To implement this plan, the first office of Criminal Enforcement was created in 1981. Its mandate was to implement the Agency’s commitment. In 1982, the first criminal investigators were hired at EPA. Most of them came from the metropolitan police departments or other federal agencies, but the challenge was that the officers did not have environmental backgrounds.
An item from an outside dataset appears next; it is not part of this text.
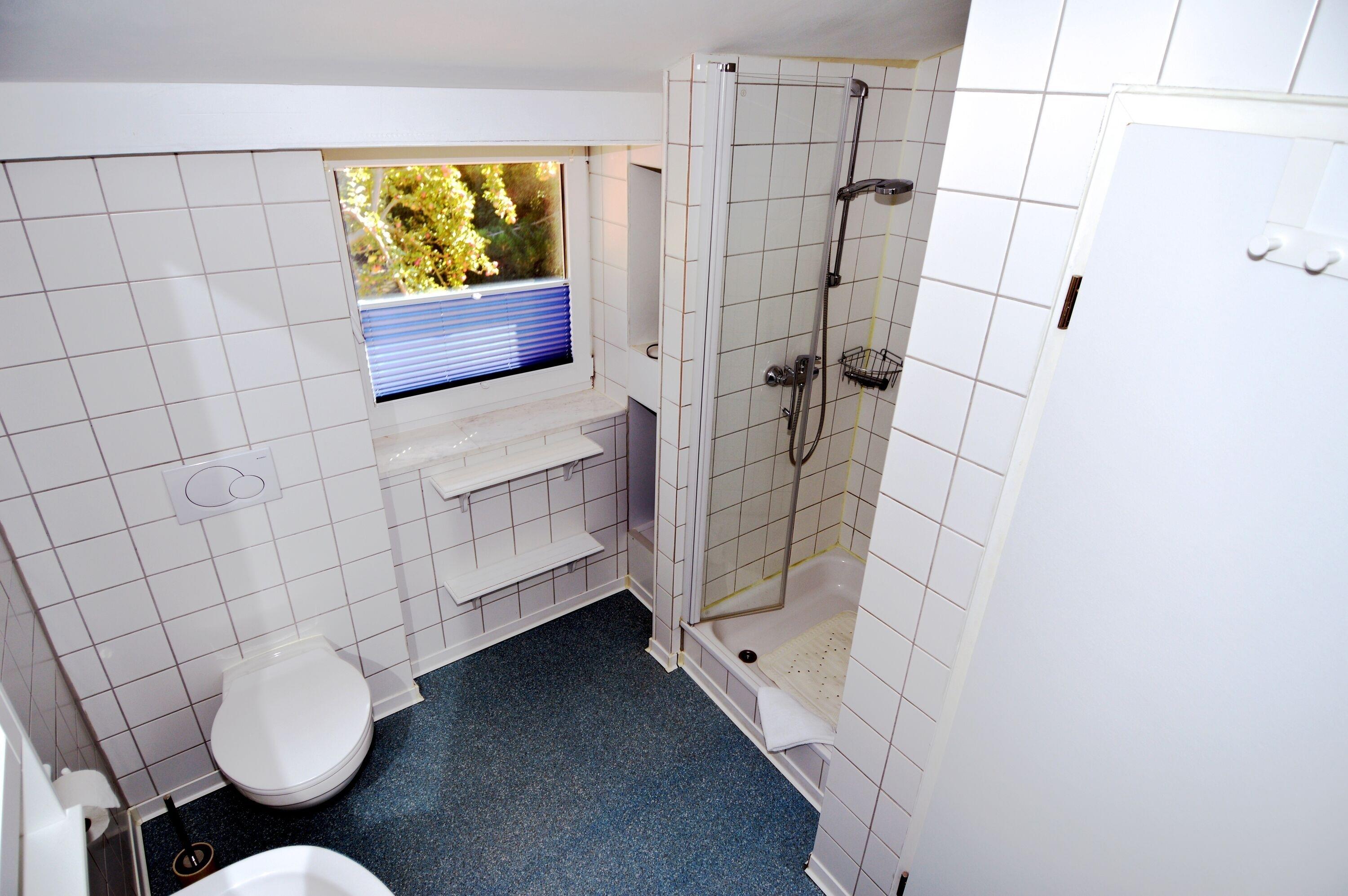 Das Badezimmer ist gepflegt und praktisch eingerichtet und verfügt über eine Dusche, ein Waschbecken sowie ein WC.
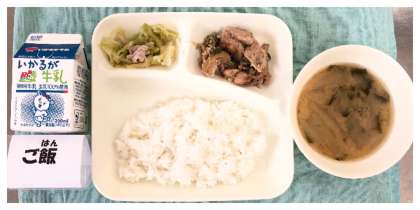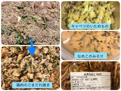 今日の献立は、鶏肉のごまだれ焼き・なめこのみそ汁・キャベツのいためもの・ごはん・牛乳でした。

The Land and Resources Division of the Department of Justice

‘set up its Environmental Enforcement Section, a special unit whose sole responsibility was investigation and enforcement of environmental crimes’.724

The US preferred jail sentences, over payment of fines or civil fines, for their deterrent nature.725 This also led to the idea that punishment should be imposed on employees of corporations directly, not on corporations themselves.726 It was believed that corporations do not commit crimes, but individuals do.727 It has also alleged by CER that companies budget for administrative fines and continue with listed activities and that ‘corporations in many cases may not feel a sting of fines as smartly as would individuals, since in the case of significant operations even sizeable fines may be viewed as “a cost of doing business”’.728 Drawing from the experiences of the US, the need to act more proactively is made much greater under the EIA, regard being had to the technicality of the field, the objectives of the integrated environmental management and the principles of s 2 that decision-makers are required to take into account and apply to their actions.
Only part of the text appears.